Texan Arthur Cape has just landed a spectacular new assignment. Earning his lumps covering the economy in India on behalf of an international news magazine, the publication now offers him the opportunity to cover the unification of Germany at the end of the Cold War.

Promised accommodations in the wonderful Grand Kempinski hotel, he quickly becomes disillusioned on two points. First, his regional supervisor will be heading up the unification coverage. Second, that supervisor has taken his room at the hotel. Adding injury to insult, Berlin is booked to the gills for the unification ceremonies.

Through a series of events, Arthur meets a Balkan woman named Marta Mehmedovic, who is obliged by the circumstances to rent him a room in her apartment.

She works as a travel agent, and lives with her husband, Tino, and little son, Pino. Tino is back in their hometown of Mostar on business when Arthur meets Marta, but Marta's sister Dubravka stays with them during her visit from Mostar. (Mostar was part of Yugoslavia at that time, but is now part of Bosnia and Herzegovina).

A contentious love affair quickly develops between Arthur and Marta. Arthur falls for Marta's beauty and depth of character, enhanced by her historical sense of identity. Marta falls for Arthur, in part, because there are many reasons for her to abandon Tino. Chief among them is the fact that he wants the family back in Mostar, despite the danger of growing political tensions.

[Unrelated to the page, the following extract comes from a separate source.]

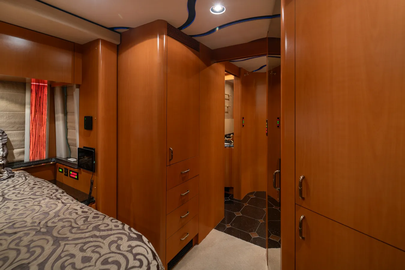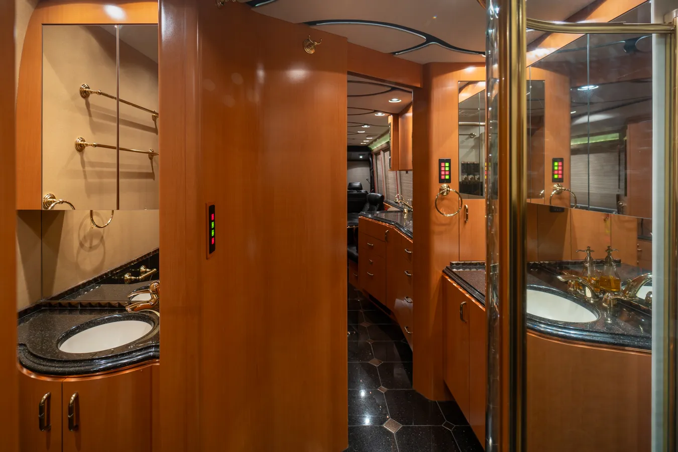 FEATURES SNAPSHOT\n\n- Two Clarion AM/FM/CD Stereos\n-Pull Out Pantry Storage\n-Freedom Plus Sewer System\n- Entertainment Center with 32" LCD\n-Color Back Up Camera

When Tino catches wind of the affair, he tricks Marta into moving back home to Mostar with Pino. Arthur remains in Berlin, worried sick about Marta and Pino's safety in the face of unrest in the Balkans. Harrowing scenes of human misery and military violence confirm that war is hell, as the two struggle to survive and reunite.

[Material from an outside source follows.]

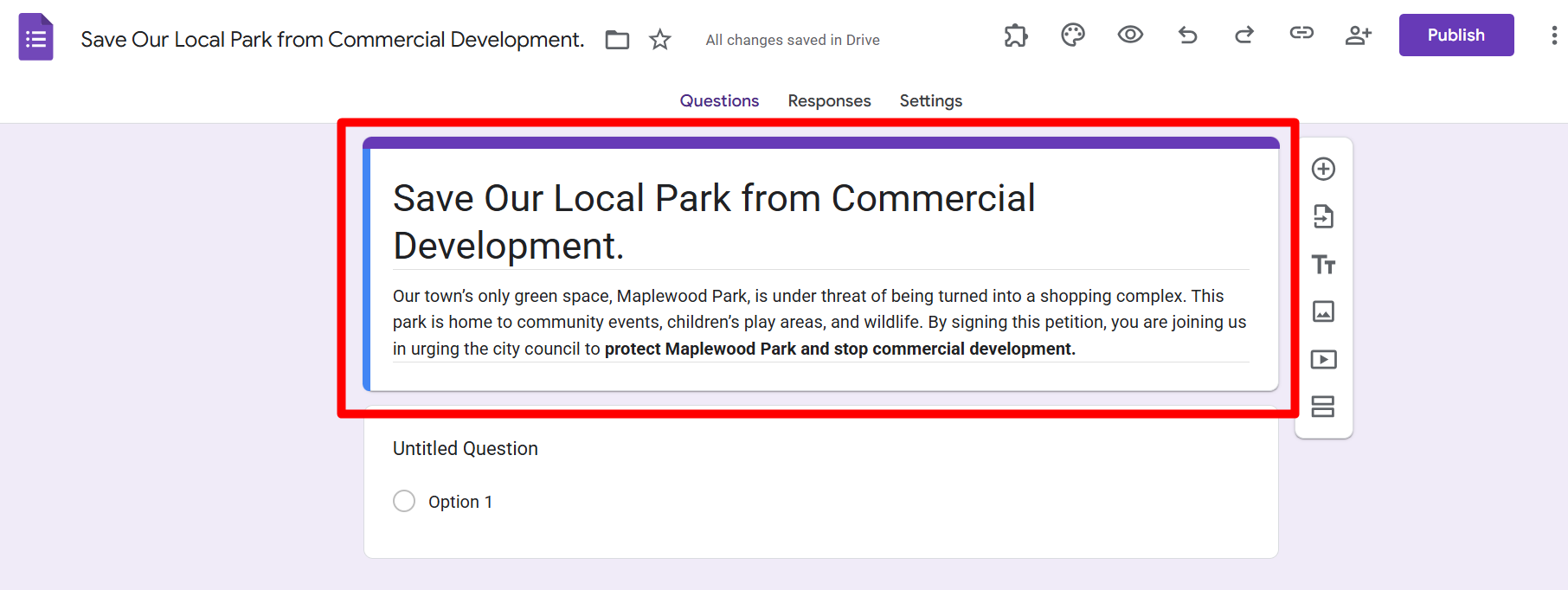 Q1. Can you create a petition directly on Google Forms?

Marks' five years as Berlin correspondent for U.S. News & World Report come across undeniably in the tone of international news correspondence that permeates his prose. At times, the writing feels choppy or oblique with curtly delivered sentences. At other times, Marks obviously enjoys the increased literary real estate offered by the novel format, and delivers generous passages of poetic description.

Each character in the story is wonderful. Even the jerks are completely authentic. The reader will come away with the sense that Marks recorded these people, rather than invented them. The one character with the least dimension, ironically, is Arthur - presumably a semi-autobiographical character. Yet this feature may exist by design.

Arthur finds himself swept up not only by Marta, but also by sense of historical identity present in the lives of all his European friends and acquaintances. A key exchange between Arthur and Marta explains the difference between Americans like Arthur and the Europeans he meets. Arthur begins:

" . . . I mean, could you imagine disappearing in some big American city, like Chicago or Los Angeles, and starting a new job, with a new family, never looking back, cutting all contact with who you had been before? Could you imagine yourself as a new person?"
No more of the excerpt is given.